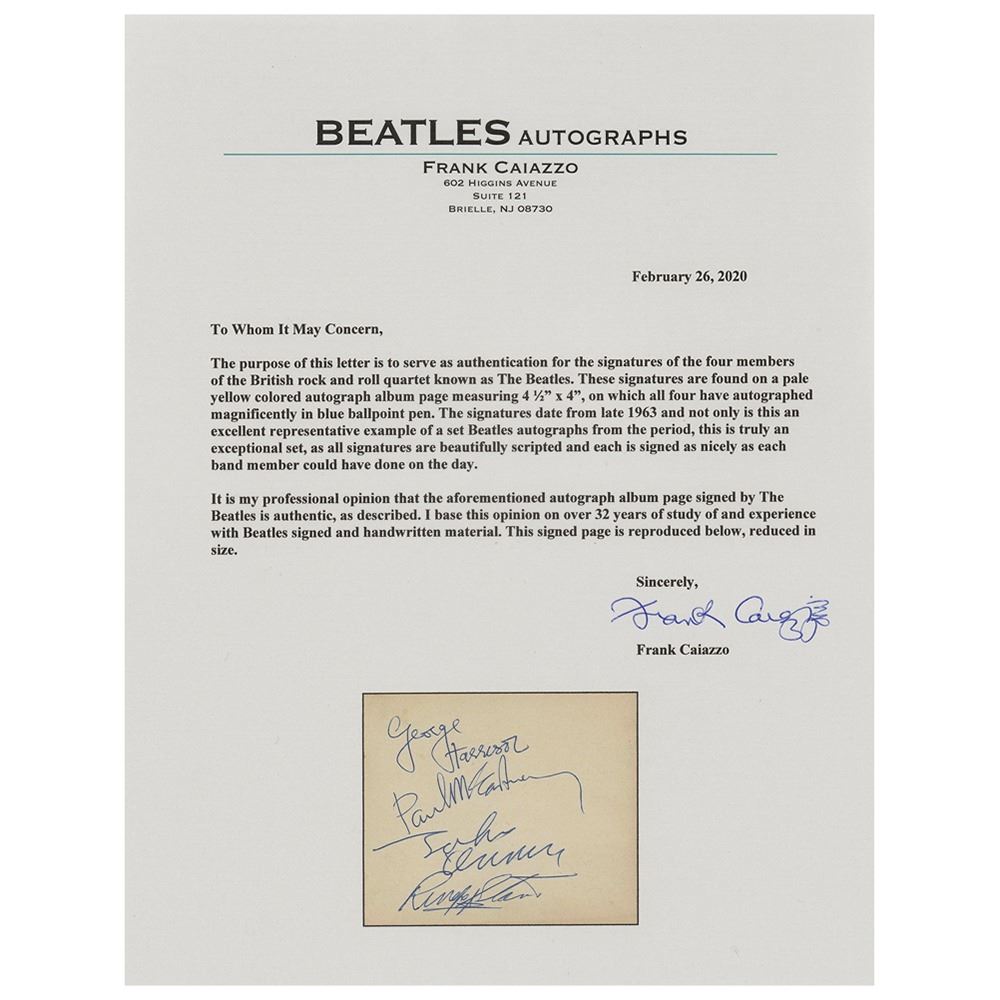 Pristine vintage circa late 1963 ballpoint signatures, "George Harrison," "Paul McCartney," "John Lennon," and "Ringo Starr,†on an off-white 4.5 x 4 album page, still contained within its original autograph book. Other signers in the book include The Temperance Seven, the Chris Barber Jazz Band, Billy J. Kramer, and a handful of other British musicians of the era. The Beatles page is in very fine condition; the autograph book itself has splits to the spine, with several pages loose. Accompanied by a letter of authenticity from noted Beatles expert Frank Caiazzo, in part: "The signatures date from late 1963 and not only is this an excellent representative example of a set of Beatles autographs from the period, this is truly an exceptional set, as all signatures are beautifully scripted and each is signed as nicely as each band member could have done on the day."
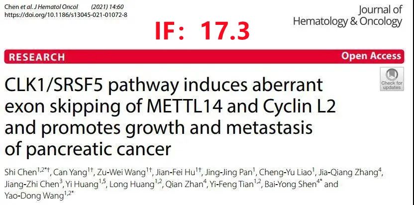 陈实教授团队耗时3年在国际上首次揭示了CLK1-SRSF5轴促进胰腺癌发生发展,为胰腺癌治疗提供新的线索,该论文发表在JCR1区顶刊《Journal of Hematology & Oncology》上,影响因子达17.3。
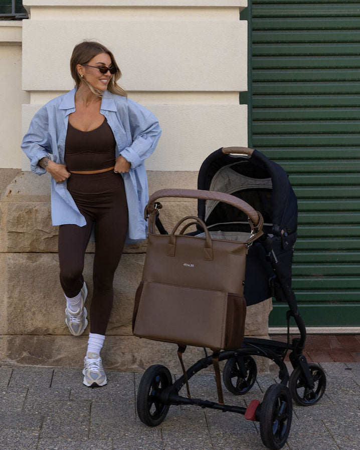 Good idea to attach the Jordie Luxe bag to pram , will be very handy!
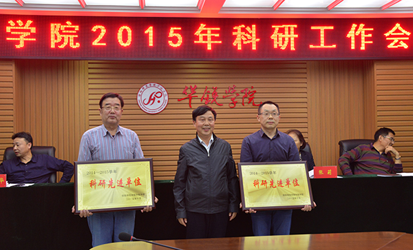 高云在会上宣读了学院《关于表彰奖励2014年度科研成果的决定》和《关于表彰2014—2015学年科研先进单位、科研标兵和科研先进工作者的决定》。决定授予外语系和理工系“科研先进单位”称号,授予沈守强、刘仁植“科研先进标兵”称号,授予李静、李晓娜、董玉静、周善春、王松、訾同超、张俊忠、张红梅、历宁宁、袁文霞、张玉兰、李海丽、芦金凤、张敬生、赵丹、刘磊、杨子泉、王俊、赵佳、贾彦茹“科研先进工作者”称号。与会领导为科研先进单位和先进个人颁奖并合影留念。
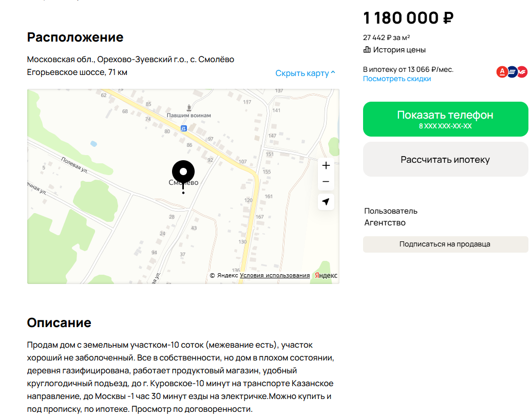 >>327026984 Не знаю, я брал по рекламе на поселкино, но внезапно когда потом оставил отзыв его от туда стерли, цена тоже была другая. Поселок тоже как всегда был полулегальный, и при покупке половину стоимости услугами. При реге по доверености сняли права на подъезд вокруг участка (это было обременение на дорогу). Через год начались попытки постоянных поборов, еще через год поставили шлагбаум и берут деньги. Сейчас вообще запилили ТСН по протоколу (200+). Так что советовать не буду, направление ленинградское.

> Assigned task:
Your reply should hold nothing but the lines above, from the one containing "Hematology & Oncology》上,影响因子达17.3。" to the one containing "Good idea to", reproduced exactly minus the pictures.

> Answer area:
 陈实教授团队耗时3年在国际上首次揭示了CLK1-SRSF5轴促进胰腺癌发生发展,为胰腺癌治疗提供新的线索,该论文发表在JCR1区顶刊《Journal of Hematology & Oncology》上,影响因子达17.3。
 Good idea to attach the Jordie Luxe bag to pram , will be very handy!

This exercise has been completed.